The Hillsborough Classic Film Society is a new group that is showing classic, foreign and independent films once a month in Orange County Public Library, 137 W. Margaret Lane, Hillsborough.
At each film there is an expert speaker who sets the background for the film.
There’s also free popcorn. You can bring a folding chair, which you might find to be more comfortable than the library chairs.
The films are from the Criterion Collection, which means that they are cleaned up and remastered, and the image on the screen is even better than image the original audiences saw.
It’s free to join the Hillsborough Classic Film Society, and members take part in deciding what films will be shown.
May 26, 2019: Battle of Algiers
On May 26 the Hillsborough Classic Film Society will show The Battle of Algiers (1966, Italian). It is a shocking film about the Algerian struggle for independence. You have never seen anything quite like it.
The film recounts the last years of the French occupation. The director, Gillo Pontecorvo, hewed close to the truth; there is no simple villain here.
The film was banned for a number of years in France as being too sympathetic to the National Liberation Front (the FLN); on the other hand it has been used by militaries around the world as a demonstration of how not to counter insurgencies.
The promotional material for a U.S. Defense Department screening in 2003 included this line: “The French [had] a plan. It succeeds tactically, but fails strategically. To understand why, come to a rare showing of this film.”
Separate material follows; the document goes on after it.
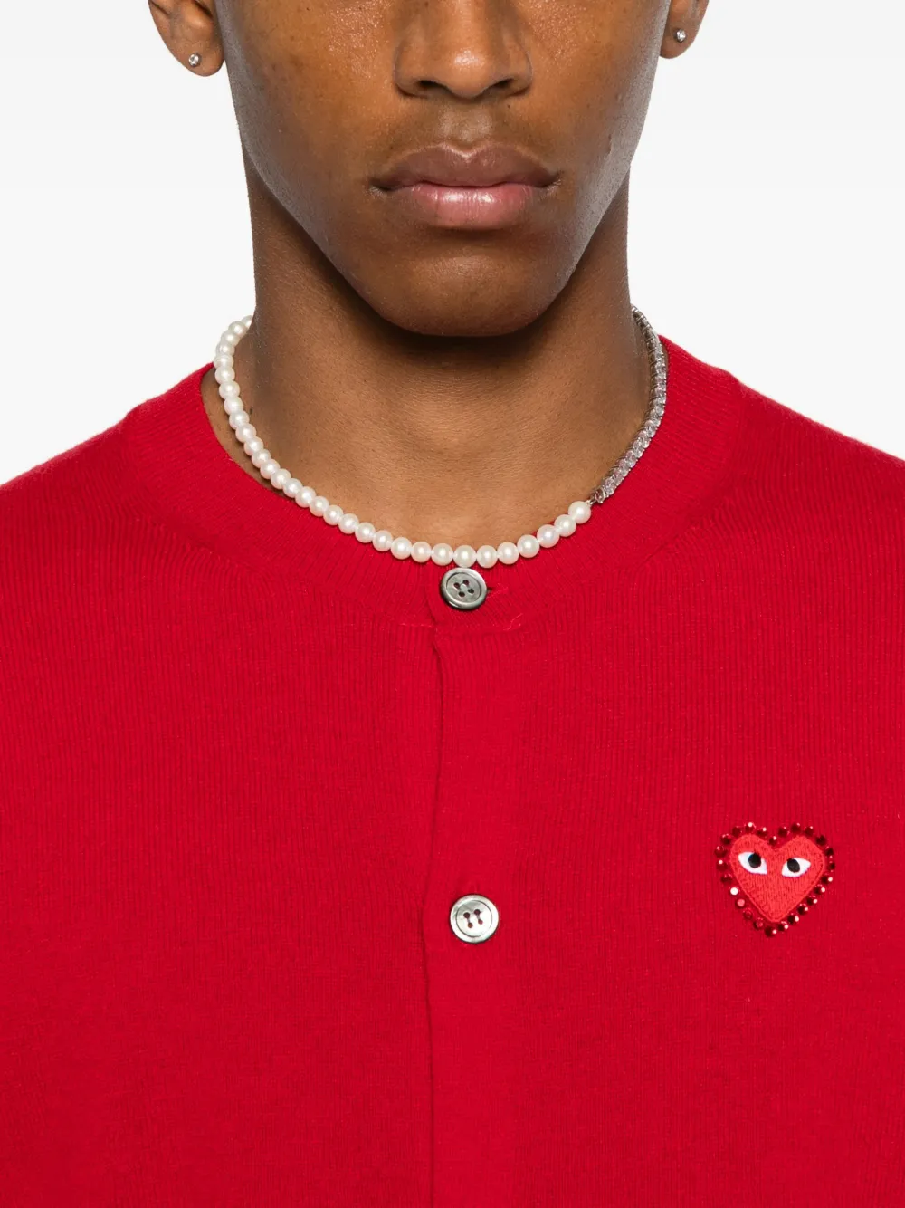 Кардиган с эмблемой и стразами Comme Des Garçons Play, красный 46 997₽

There are two things about the film that you will find hard to believe. The first is that there is only one professional actor among the dozens of important players in the film. That actor, Jean Martin, portrays the French commander, Colonel Mathieu, “anti-Nazi Resistance veteran, humanist, respectful of his adversaries.” (The actor, Martin, had himself been a French paratrooper during the war in Indochina, had taken part in the Resistance during WWII, and was a scholar who published a book on Samuel Beckett, so he was well prepared for the part.)
The second is that every scene in the film was staged; nothing was taken from documentary or newsreel footage. It was in fact so hard to persuade viewers of that that it was necessary to include a declaration at the beginning of the American release of the film—missing from the Criterion restoration—which said: “NOTICE: NOT EVEN ONE FOOT OF NEWSREEL OR DOCUMENTARY FILM IS INCLUDED IN THIS PICTURE.”
Sunday, May 26, at 3 p.m. in the Orange County Public Library, Margaret Lane in Hillsborough. Admission free, and popcorn is free, too. Max Owre, the Executive Director of the UNC Public Humanities Program, will introduce the film and will lead a discussion afterwards.